─── Raw data ───
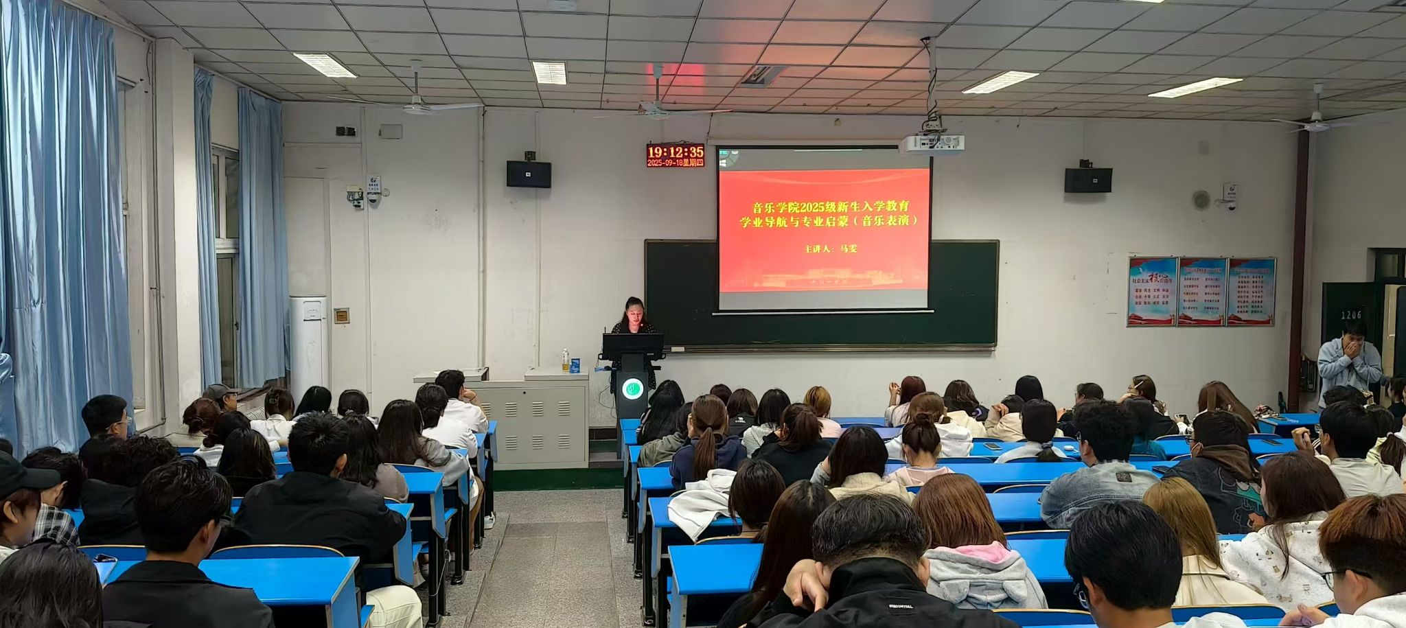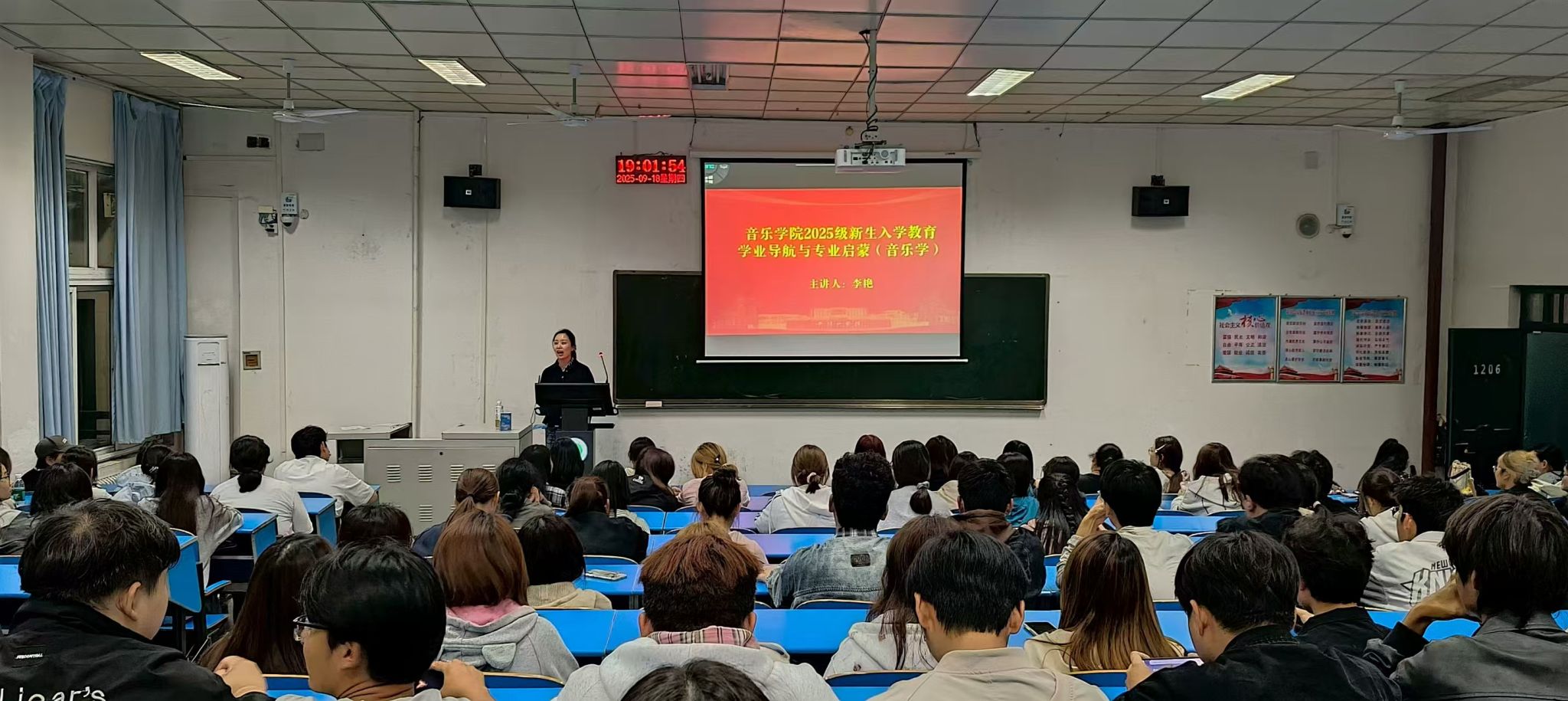 2025年9月18日晚,平顶山学院音乐学院2025级新生学业导航与专业启蒙讲座如期开讲。学院针对音乐学、音乐表演两个专业的人才培养特色,分别邀请李艳老师、马雯老师担任主讲人,为全体新生量身打造了一场干货满满的专业启蒙课。
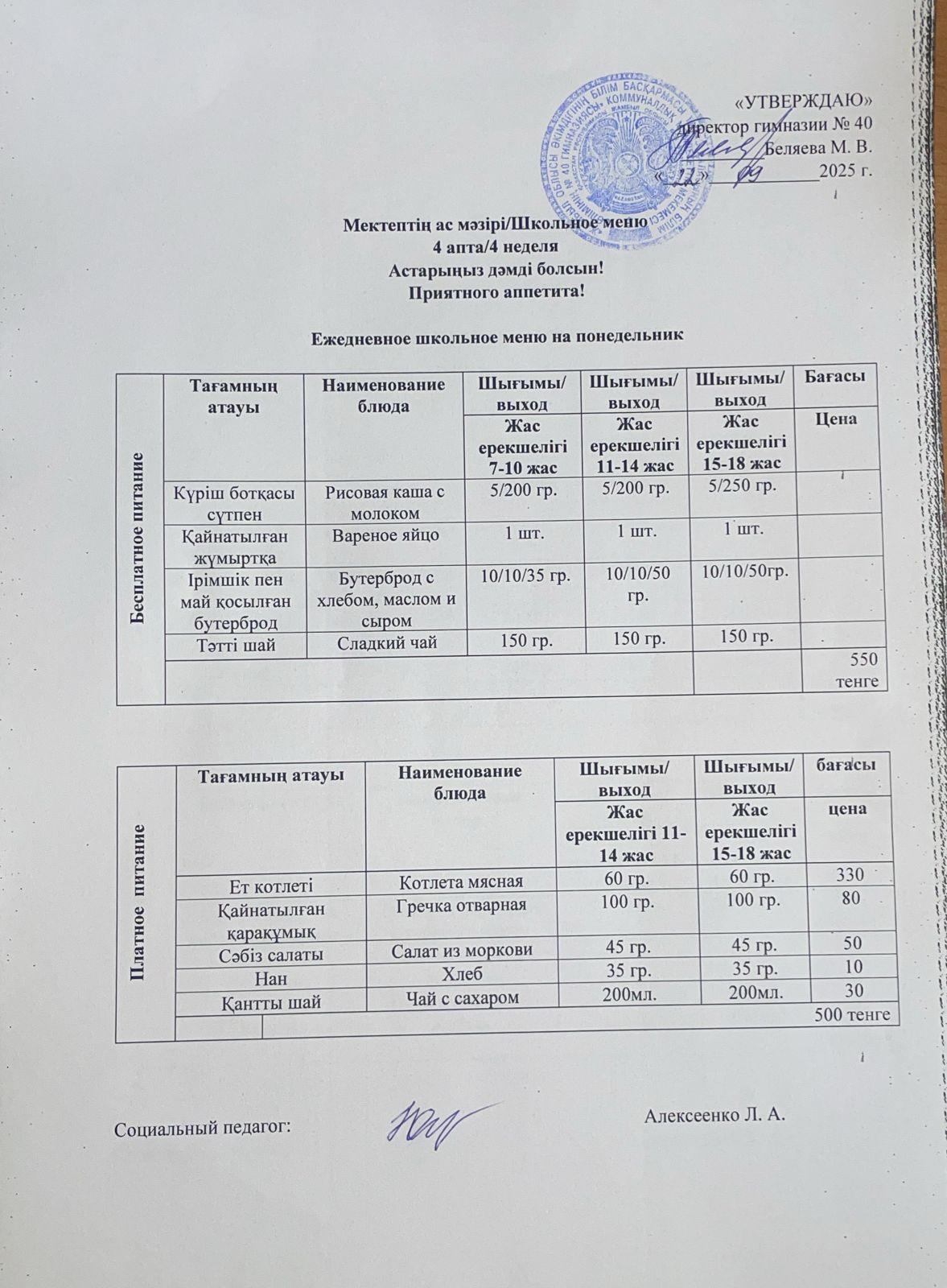 Ежедневное меню на 22.09.2025 г. » Гимназия №40
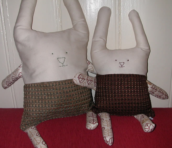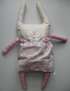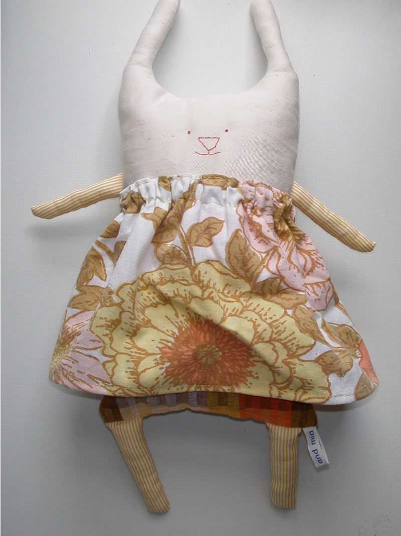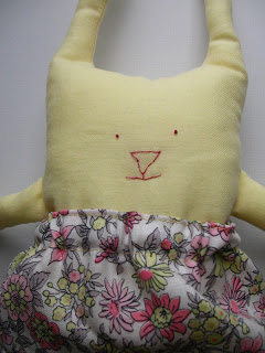Meet Petunia in pink and Rose the rabbit, the latest additions to the rabbit family. Rose is a bit more delicate than the boys, and I love the material of her skirt which is from a vintage sheet I found. Petunia’s skirt is also from a vintage sheet, one my friend found in an Op Shop and bought for me. Thanks Soph!
───
## Exercise requirements
Would you output the data exactly, without any of its images?

## Result for this exercise
 2025年9月18日晚,平顶山学院音乐学院2025级新生学业导航与专业启蒙讲座如期开讲。学院针对音乐学、音乐表演两个专业的人才培养特色,分别邀请李艳老师、马雯老师担任主讲人,为全体新生量身打造了一场干货满满的专业启蒙课。
 Ежедневное меню на 22.09.2025 г. » Гимназия №40
Meet Petunia in pink and Rose the rabbit, the latest additions to the rabbit family. Rose is a bit more delicate than the boys, and I love the material of her skirt which is from a vintage sheet I found. Petunia’s skirt is also from a vintage sheet, one my friend found in an Op Shop and bought for me. Thanks Soph!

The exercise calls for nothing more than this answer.